Она — это понятно кто. Страшная или нет, с косой или без, она придет ко всем. В очень хорошем романе Мюриэл Спарк "Memento mori" пожилым людям — мужчинам и женщинам — звонит по телефону неизвестный и со­общает: помните, что Вас ждет смерть. Они пугаются, они обращаются в полицию; они считают, что кто-то скверно, жестоко шутит. Когда выясня­ется, что телефонные голоса к тому же у всех разные, они решают, что "здесь действует целая банда". И только одна старая дама отвечает на зво­нок не страхом или руганью, а, что называется, по существу: "Боже мой, — сказала она, — последние тридцать лет, если не больше, я то и дело об этом припоминаю. Кое-чего я не помню, мне ведь все-таки восемьдесят шесть лет. Но о смерти своей не забываю, когда бы она ни пришла". "Рад слышать, — сказал тот. — Пока что до свидания"[48].

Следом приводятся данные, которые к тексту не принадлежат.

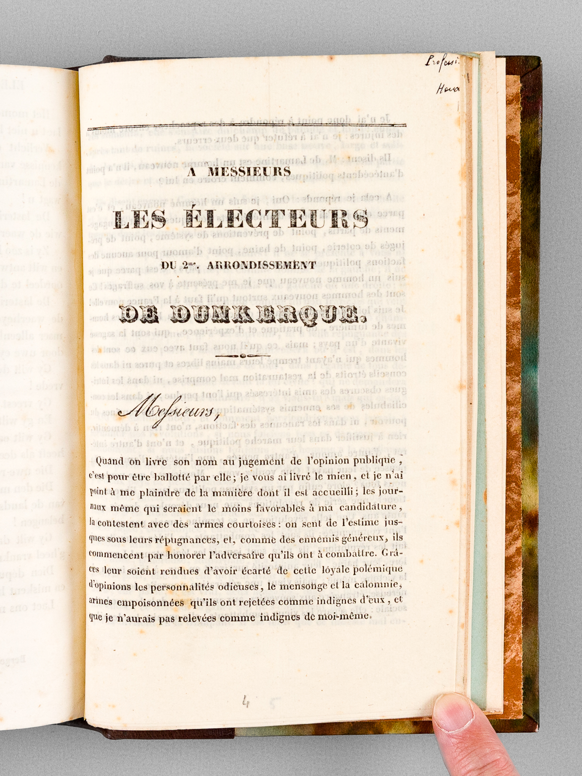 Commentaire : Remarquable exemplaire recueillant, in-fine, 8 très rares prospectus électoraux, en édition originale, relatifs aux candidatures d'Alphonse de Lamartine aux élections de la ville de Bergues (Nord). Eugénie, la soeur de Lamartine et épouse du Baron Coppens et seigneur d'Hondschoote, l'avait incité à se présenter à la députation. Battu une première fois, il sera élu député de Bergues en janvier 1833. Bon exemplaire (ex-libris Robert Thibaut).
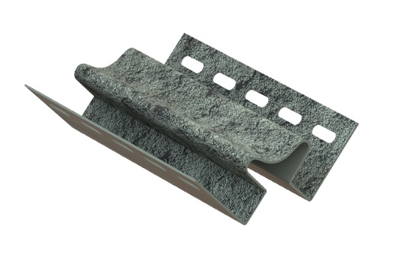 Внутренний угол Ю-Пласт Камень Изумрудный может использоваться для стыковки сайдинг-панелей в углах здания, а также в месте примыкания крыши и стен. Этот отделочный материал устойчив к ржавчине, талой и дождевой воде, не выгорает на солнце.
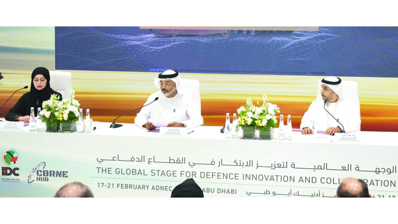 ماجد أحمد الجابري، ومحمد سيف الزعابي، ومهرة بلال الظاهري، في معرضَي «آيدكس» و«نافدكس» 2025، اللذين ينعقدان تحت رعاية صاحب السمو الشيخ محمد بن زايد آل نهيان، رئيس الدولة، حفظه الله، وبتنظيم من مجموعة أدنيك، بالتعاون مع وزارة الدفاع ومجلس التوازن.

Помнить о старости и смерти стоит не для того, чтобы бояться, а для того, чтобы ценить свою единственную жизнь с ее бесконечными возможностя­ми — и не утрачивать во всех ее передрягах чувство благодарности. Ка­жется, женщинам это дается немного проще, даже молодые и полные жиз­ни готовы об этом говорить и думать. И покойников женщины боятся меньше: кто, по деревенскому обычаю, их обмывал и обряжал? И само сло­во женского рода. Спросите у Бабы-яги, почему, — она знает.

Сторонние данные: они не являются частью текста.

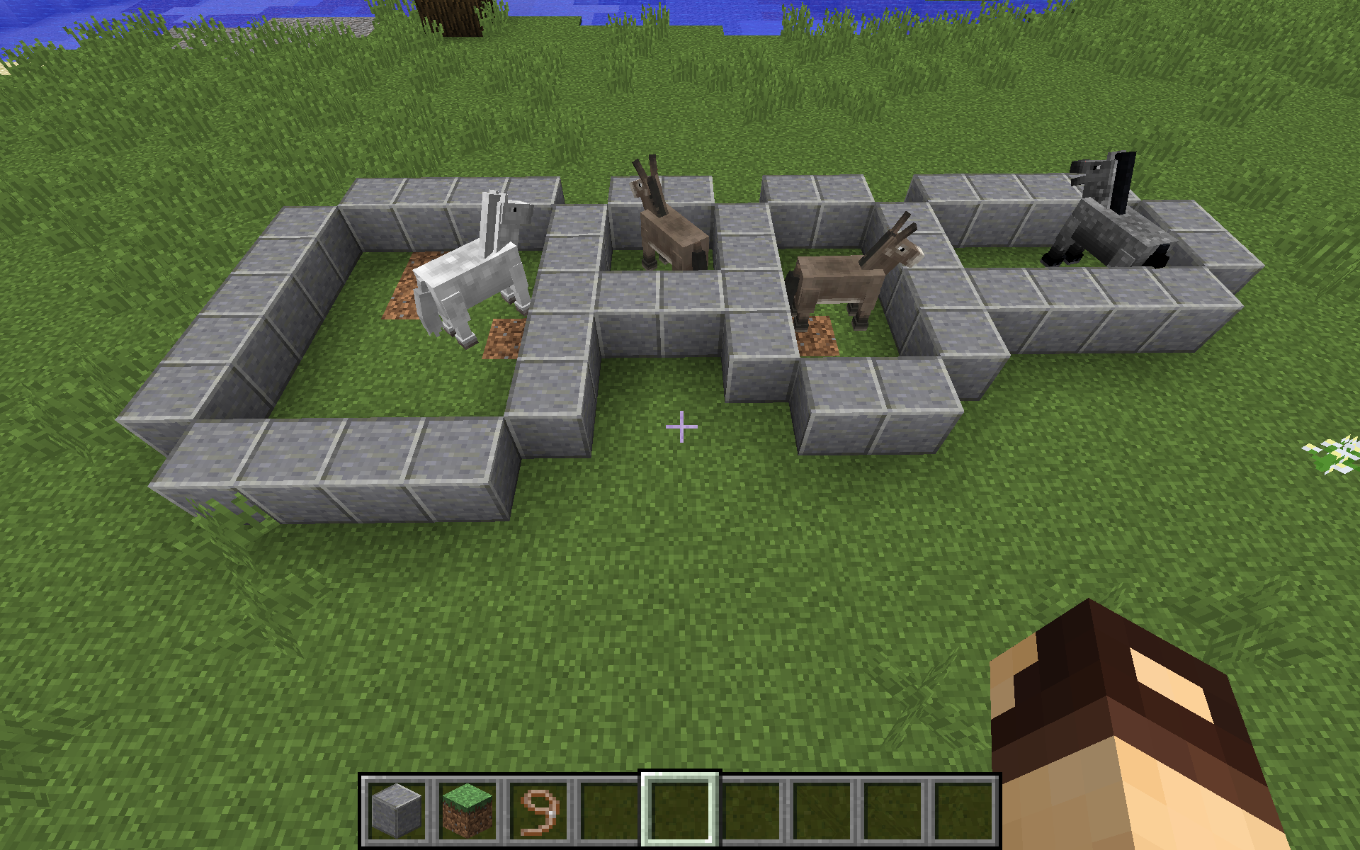 (See screenshot: "Corral Example", The two donkeys and the gray horse will never leave their 1 block high stone corral – but watch the white horse in the larger 4x4 area.)

Страшно, конечно, а помнить надо, хотя бы время от времени, и не только о той, главной, но и о ее "младших сестрах". Сколько всего заканчивается навсегда, сколько прощаний ожидает нас на пути — и как важно отдать им положенную дань и все-таки двигаться дальше. Кстати, почему гово­рят: "Это мне так нравится, просто умираю"? Почему "до смерти хочется"? Не задумывались ли вы о том, почему в народных песнях так много само­убийств — и все больше покинутые девицы: "И остались бедной смех людской да прорубь"... "Пойду я в лес высокий, где реченька течет, она меня, глубокая, всегда к себе возьмет"... И так далее, и так далее. Может, деревенские девушки и правда легко расставались с жизнью? Но кажется, дело не в этом. Все-таки поэзия — не криминальная хроника, что-то здесь другое.